In contrast to the diagnosis-based separation, we did observe differences in global cognition using a sample-derived TGC cutoff, indicated by a moderate to large Cohen’s d value. Exploratory analyses also show moderate to large Cohen’s d for working memory. These findings support our hypotheses that prefrontal TGC is indexing prefrontal cortical function, as the frontal lobes are critical in working memory and overall executive functioning [40,41,42,43,44,45]. Executive dysfunction is common in MCI [46], and can be predictive of those more likely to experience cognitive decline or develop dementia [47, 48]. In a study of 482 patients with amnestic MCI, patients with frontal-executive dysfunction, had a higher risk of progression to dementia than those with language or visuospatial dysfunction.

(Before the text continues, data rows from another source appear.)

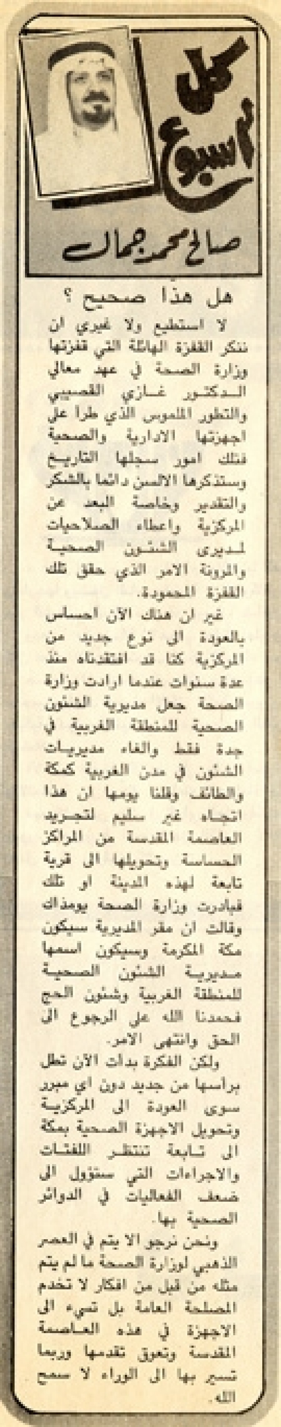 غير أن هناك الآن إحساس بالعودة إلى نوع جديد من المركزية كنا قد افتقدناه منذ عدة سنوات عندما أرادت وزارة الصحة جعل مديرية الشئون الصحية للمنطقة الغربية في جدة فقط وإلغاء مديريات الشئون في مدن الغربية كمكة والطائف وقلنا يومها أن هذا اتجاه غير سليم لتجريد العاصمة المقدسة من المراكز الحساسة وتحويلها إلى قرية تابعة لهذه المدينة أو تلك فبادرت وزارة الصحة يومذاك وقالت أن مقر المديرية سيكون مكة المكرمة وسيكون اسمها مديرية الشئون الصحية للمنطقة الغربية وشئون الحج فحمدنا الله على الرجوع إلى الحق وانتهى الأمر.
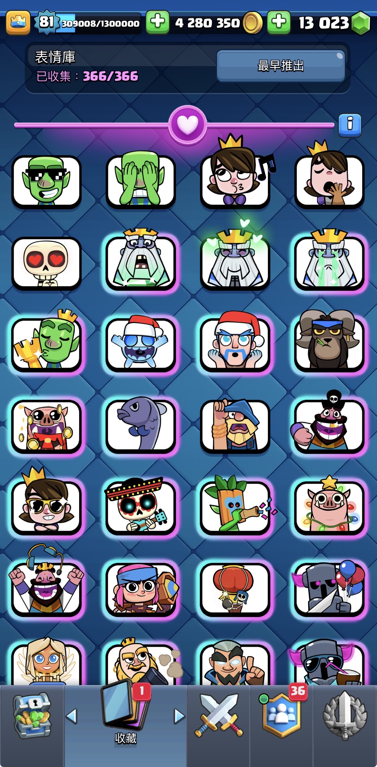 【81等】 頂帳號 全進化 全15 366表情 20勝徽章 擦獎杯表情 多資源 多寶石 金幣
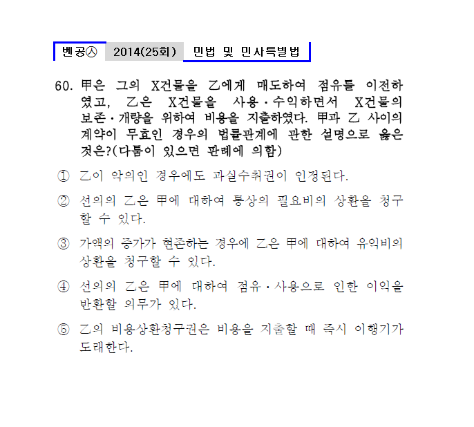 25회㉦60. 甲은 그의 X건물을 乙에게 매도하여 점유를 이전하였고, 乙은 X건물을 사용ㆍ수익하면서 X건물의 보존ㆍ개량을 위하여 비용을 지출하였다. 甲과 乙 사이의 계약이 무효인 경우의 법률관계에 관한 설명으로 옳은 것은?(다툼이 있으면 판례에 의함) ① 乙이 ② 선의의 乙은 甲에 대하여 통상의 필요비의 상환을 청구 할 수 ● 가액의 증가가 현존하는 경우에 乙은 甲에 대하여 유익비의 상환을 청구할 수 있다.㉦㉦민법제203조2 ④ 선의의 乙은 甲에 대하여 점유ㆍ사용으로 인한 이익을 반환할 의무가 ⑤ 乙의 비용상환청구권은 비용을 |
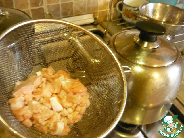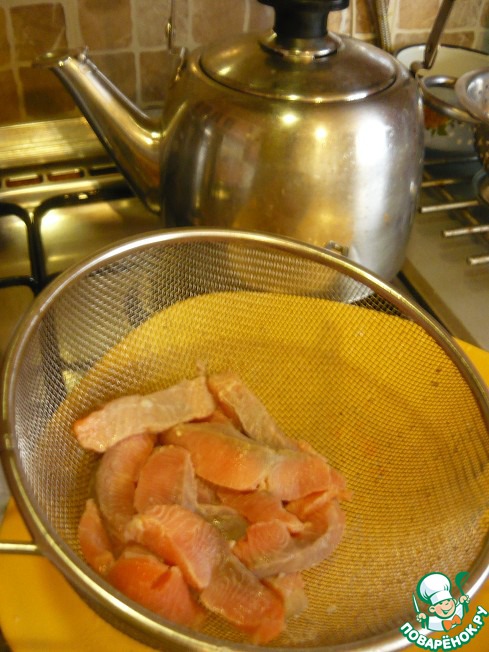 Берем мелкие кусочки лосося и ошпариваем их кипятком, чтобы в дальнейшем они быстрее приготовились.
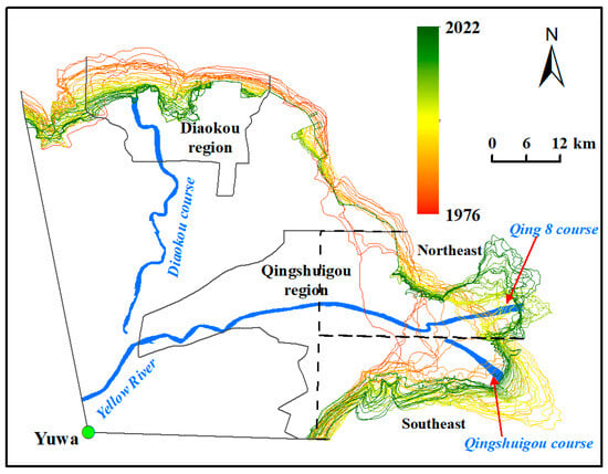 The spatial coastline evolutions in the Diaokou and Qingshuigou regions were remarkably different (Figure 4). Specifically, a landward movement of the coastline in the Diaokou region was observed, and its changing shape displayed three stages: curved outward, gradually flattened, and curved inward. In contrast, a general seaward movement of the coastline was observed in the Qingshuigou region, with the orientation of the coastline extension displaying variability during different periods. From 1976 to 1996, the coastline mainly extended towards the southeast direction. From 1996 to 2022, the coastline started to retreat in the southeast direction and gradually shifted to extend towards the northeast direction.
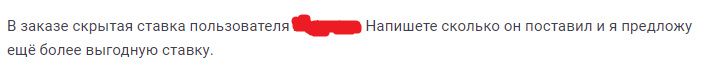 Я считаю, что скрытая ставка это само по себе воровство у тех, у кого есть про-статус. Я покупаю для того, чтобы видеть ставки всех исполнителей, а они, видите ли, скрываются.
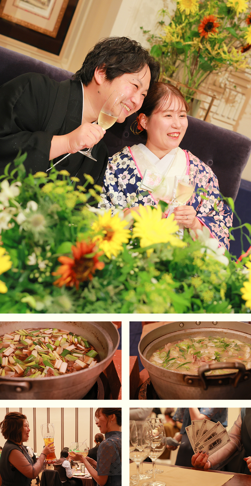 おふたりらしさ=山形らしさ!のおふたりは、特製芋煮のご提供。醤油味と味噌味の2種類に舌鼓を打ちました。そして冷たい生ビールも追加!ウェルカムパーティのゲームで獲得したパレスマネーでドリンクのグラスをビッグにできるというサプライズも!
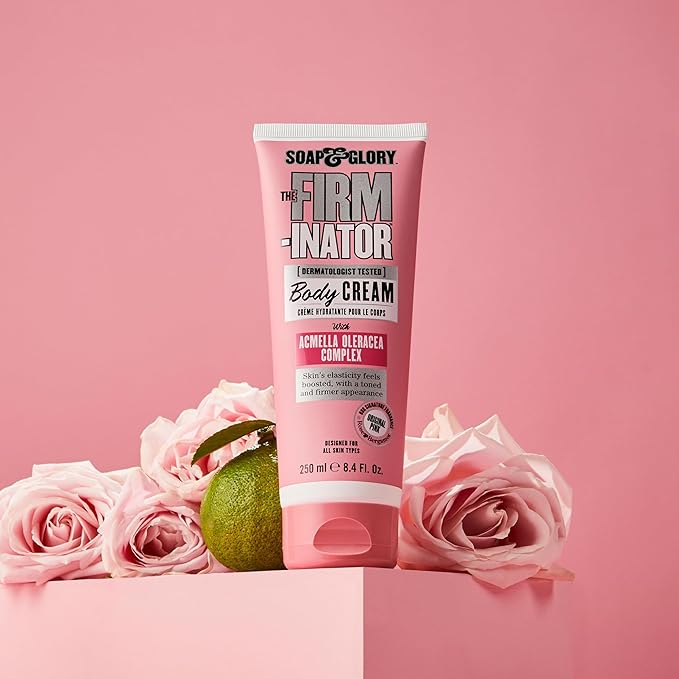 Soap & Glory The Firm-inator Body Cream - Skin Hydration Body Moisturizer with Acmella Oleracea Complex, Shea Butter Lotion & Sunflower Seed Oil - Rich Skin Firming and Tightening Lotion (8.4 Oz)
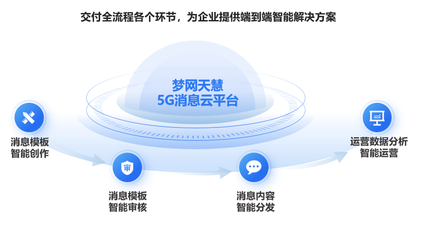 金年会诚信至上天慧5G消息云平台致力于全流程智能交付,深度融入各个环节,为企业给予端到端智能解决方案。平台支持消息模板智能创作,高效生成各类消息模板;具备消息模板智能审核功能,自动审核确保模板规范;实现消息内容智能分发,依据规则精准触达目标用户;还涵盖运营数据分析与智能运营,深度剖析数据以智能优化策略,全方位提升消息服务的质量与效率。
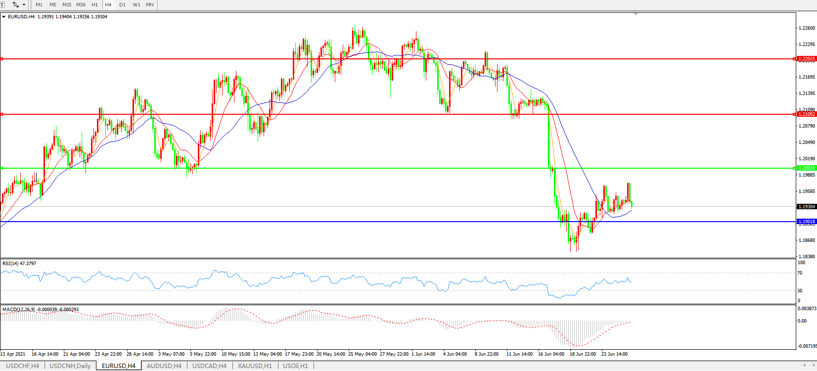 交易策略:1.2000下方看跌,目标1.1900、1.1800
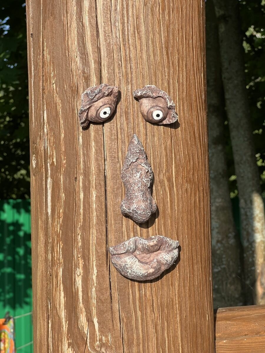 фигурка садовая лицо лесовика на дерево интересное:
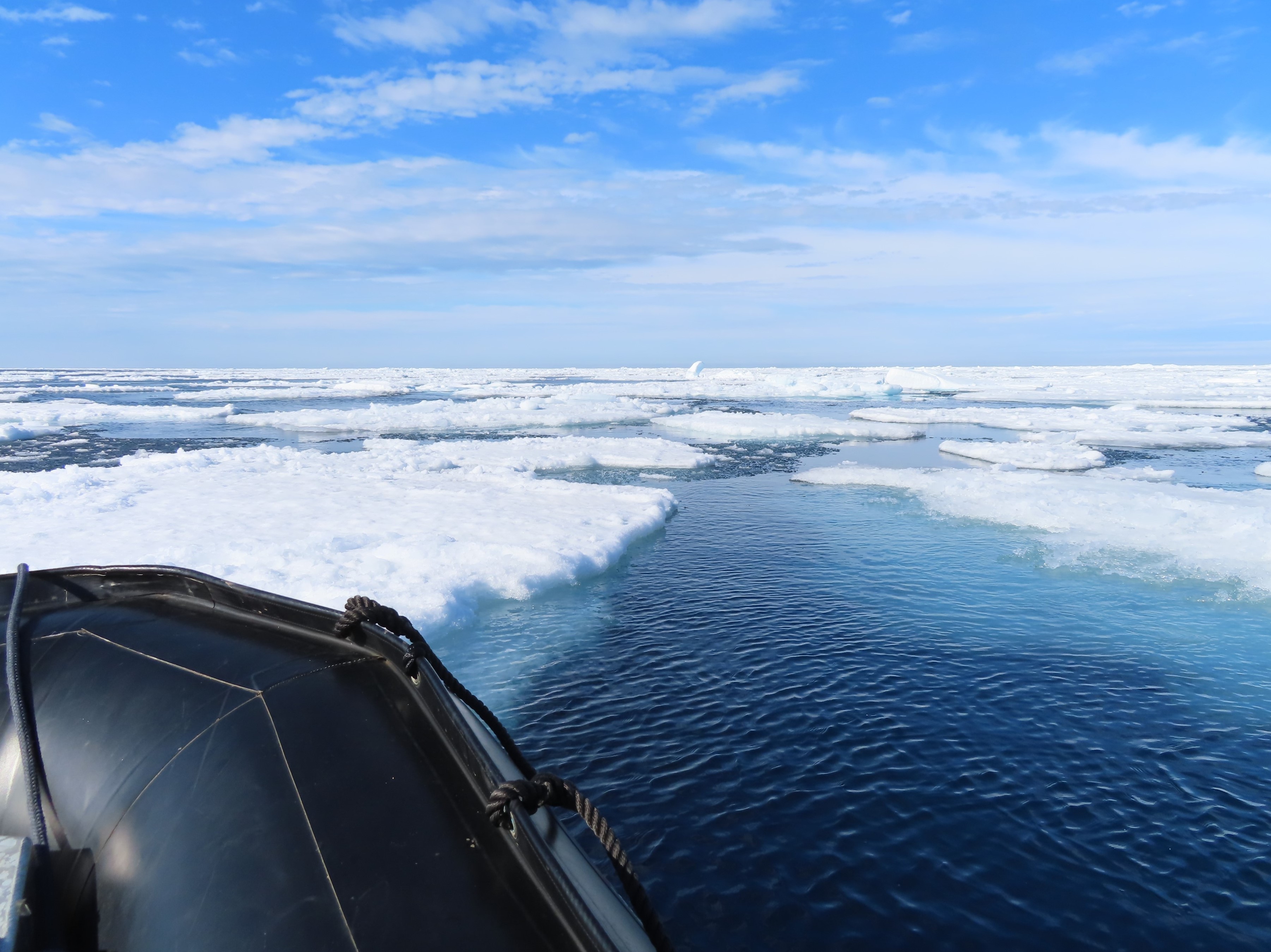 Every piece of clothing we have is wrapped around us and looking like waddling Michelin Men we awkwardly climb into the zodiac and make our way in to the Arctic ice, just inches above the freezing water
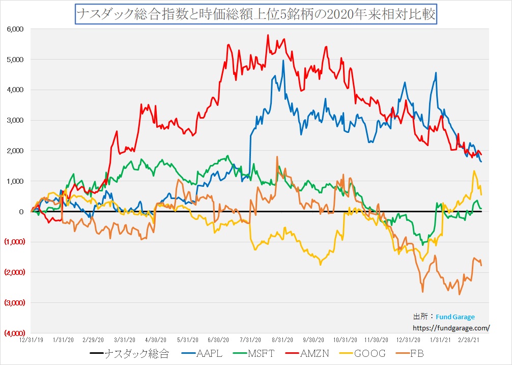 面白いのは、パンデミックの中の巣篭もり消費により一番恩恵を受けたと思われているアマゾン・ドット・コムは、既に昨夏8月の終わりにはNASDAQに対して足引き役になっている。アップルも昨夏8月には気を吐いたが、実はそれ以降は鳴かず飛ばず、そして今年に入ってからはかなりな足引き役だ。フェイスブックもマイクロソフトも同様と言える。グーグルだけが今年に入って暫く気を吐いたが、足許では足引き役に転じている。
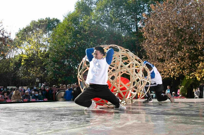 “表演者将巨大的滚球抛起,用嘴巴里含着的竹板接住,还时不时将球向上颠起。表演过程中,铁树银花、火花四溢,显得既刺激又热闹。”一位观众介绍说,滚灯舞的花样繁多,其中“缠腰”“蜘蛛放丝”等十多套大灯动作集旋、跃等多种技巧于一体。其中,“蜘蛛放丝”和“金猴嬉球”等高难度动作,让观众直呼精彩。

In addition, those with frontal-executive dysfunction showed greater cortical thinning, particularly in the frontal region [49]. In a recent neuroimaging study, their MCI sample was split between those with low vs. high executive functioning [50]. Compared to control participants, the high executive functioning group demonstrated impaired regional brain activity, but intact functional connectivity in the executive-control network. By contrast, in the low executive functioning group, both regional activity and functional connectivity were impaired. Further, there was a negative association between impaired executive functioning and both regional brain activity and functional connectivity. The authors concluded that the functional integrity of the executive-control network may contribute to the retention of executive function in MCI. These two studies provide evidence that individuals with MCI with executive dysfunction have altered the structure and function of the frontal cortex. Thus, if prefrontal cortex TGC is an index of executive functioning, then those with lower TGC and executive functioning could be at higher risk for future cognitive decline or progression to dementia than those with higher TGC, possibly due to cortical thinning or functional disconnection in the frontal cortex due to neurodegenerative disease or other mechanisms.

We note four limitations to our study. First, we recognize the limitation of our primary approach of generating and testing our TGC cutoff in the same sample of participants. To mitigate this limitation, we conducted a cross-validation analysis using bootstrapping and splitting our sample into training and validation samples. The trend from this analysis was similar to that of our primary analyses, and showed that TGC could separate individuals with MCI and MCI+rMDD on cognition better than their clinical diagnosis. However, the differences in Cohen’s d values between these approaches were not significant in our cross-validation analysis. This is possibly related to a relatively small sample size when we split the sample in half. Second, rMDD was established based on a distant history of a major depressive episode and not current symptoms. To mitigate this limitation, we required that either the depressive episode be within the past 5 years, or that there was evidence of medical care for the episode, e.g., hospitalization. Third, the sensitivity, specificity, and Youden Index values for our TGC cutoff differentiating individuals into “impaired” vs. “not impaired” on 2-back performance were lower than we would have liked. Ideal sensitivity/specificity values would have been 80% or higher, with a Youden Index ≥0.6. Still, the main goal in this study was not to characterize the TGC cutoff in separating individuals on the 2-back task, but in separating groups defined by the TGC on other cognitive functions. Last, our study is cross-sectional and, therefore, we cannot make conclusions with respect to cognitive decline but only with respect to cognitive impairment as a possible proxy for cognitive decline. Follow-up longitudinal analyses are needed.

In conclusion, our study suggests that prefrontal TGC could be a promising marker for identifying individuals at higher risk for cognitive decline. Future longitudinal studies are needed to confirm the utility of this neurophysiologic marker.